As we stand here in 2025, the VLA field is vibrant. OpenVLA was a catalyst for openness and set a high bar for performance. Now we see a healthy ecosystem: open datasets (OpenX), open models (OpenVLA, Octo, GR00T, etc.), and targeted research addressing specific limitations (like RT-Trajectory for memory, SARA-RT for efficiency, TinyVLA for compactness, Helix for high-DoF control). All these pieces are complementing each other. It’s not hard to imagine that in a couple of years, we’ll have even more capable models that integrate these advances – e.g., an “OpenVLA 2.0” that has built-in trajectory memory, linear attention, maybe a dual-speed architecture, and can run on a modest GPU or even on a robot’s onboard computer.

One theme that’s emerging is generalist robotics doesn’t mean one model does everything alone. It can also mean an ensemble of specialized models that work in concert – like Helix’s two subsystems, or an LLM + VLA combo. The common thread is leveraging foundation model strengths (broad knowledge and adaptability) for physical tasks. We’re essentially witnessing the convergence of the AI revolution with robotics. As large language and vision models matured, it was natural to apply them to robots, and that’s exactly what VLA is.

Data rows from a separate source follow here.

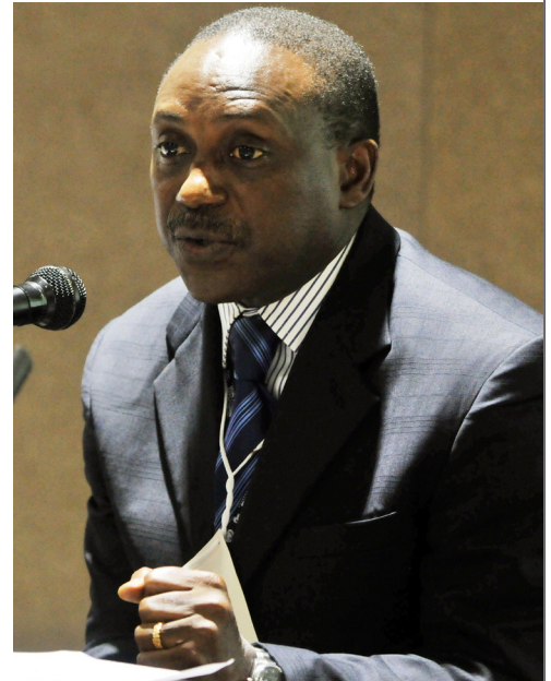
Kandeh Yumkella, Director-General, UNIDO, said that humanity is at the beginning of a third industrial revolution.

During the discussion, participants deliberated on: the institutional framework of industrial policies; resistance to creating transparent systems; challenges of creating monitoring systems; conflicts between subsidies and agreements; the paradox of industrial policies that are harmful to development policies in some countries; the reticence of Latin American countries to transition to green economies; and the legal frameworks of industrial policies.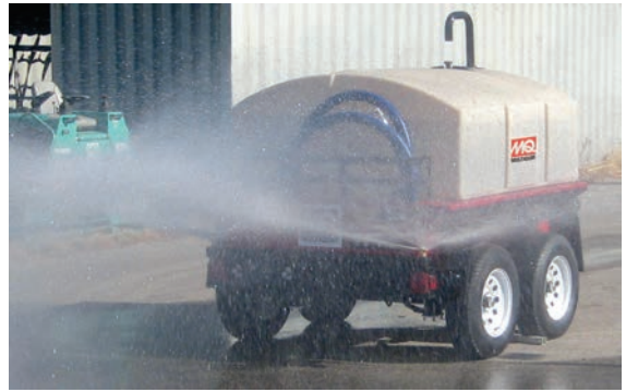
Rear spray bar produces a 30' cone pattern using water pump pressure or a 9' cone under gravity pressure.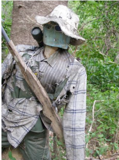
Figure 10 Duck hunting, the world making game of powerful foreigners, is illegal in Costa Rica. Some farmers of Bagatzí have become poachers, intruding onto the government nature preserve in Palo Verde managed by conservation biologists. This mannequin with a wooden ‘gun’ was installed by park guards on one of the dirt roads crisscrossing the national park. Guards made mimetic copies of themselves, aiming to startle intruders with uncanny specters

sprouts are the favourite food of piches . When I arrived at his house late one night Gerardo was bustling in his back room—he had just taken a quick shower and was collecting his things. He wore a floppy round hat, a long sleeved shirt, and thick brown pants. Grey stubble was sprouting from his sun-baked brown skin.

For those listening who are excited by this, the fact that so much is open-source means you can actually tinker with these models. You can download OpenVLA or Octo from Hugging Face, you can get GR00T’s code from NVIDIA, etc. This openness accelerates progress: more eyes on the code, more experiments, maybe someone fine-tunes OpenVLA for drones or for a home cleaning task, and shares the results.

It’s been a long journey from Episode 1 to now. We started with the basics of what VLA models are and built up through OpenVLA’s design, training, real-world use, and now the broader landscape and future directions. If there’s one key takeaway from this series, I’d say it’s that Vision-Language-Action models are pushing robotics into a new era of generality and flexibility. Robots are learning in ways more akin to humans – through large-scale experience and multimodal understanding – and that’s enabling them to do things we used to only dream about or see in sci-fi. It’s not science fiction anymore when an off-the-shelf robot arm can be told “make me a cup of coffee” and, with a model like those we discussed, actually attempt to do it using its eyes and training.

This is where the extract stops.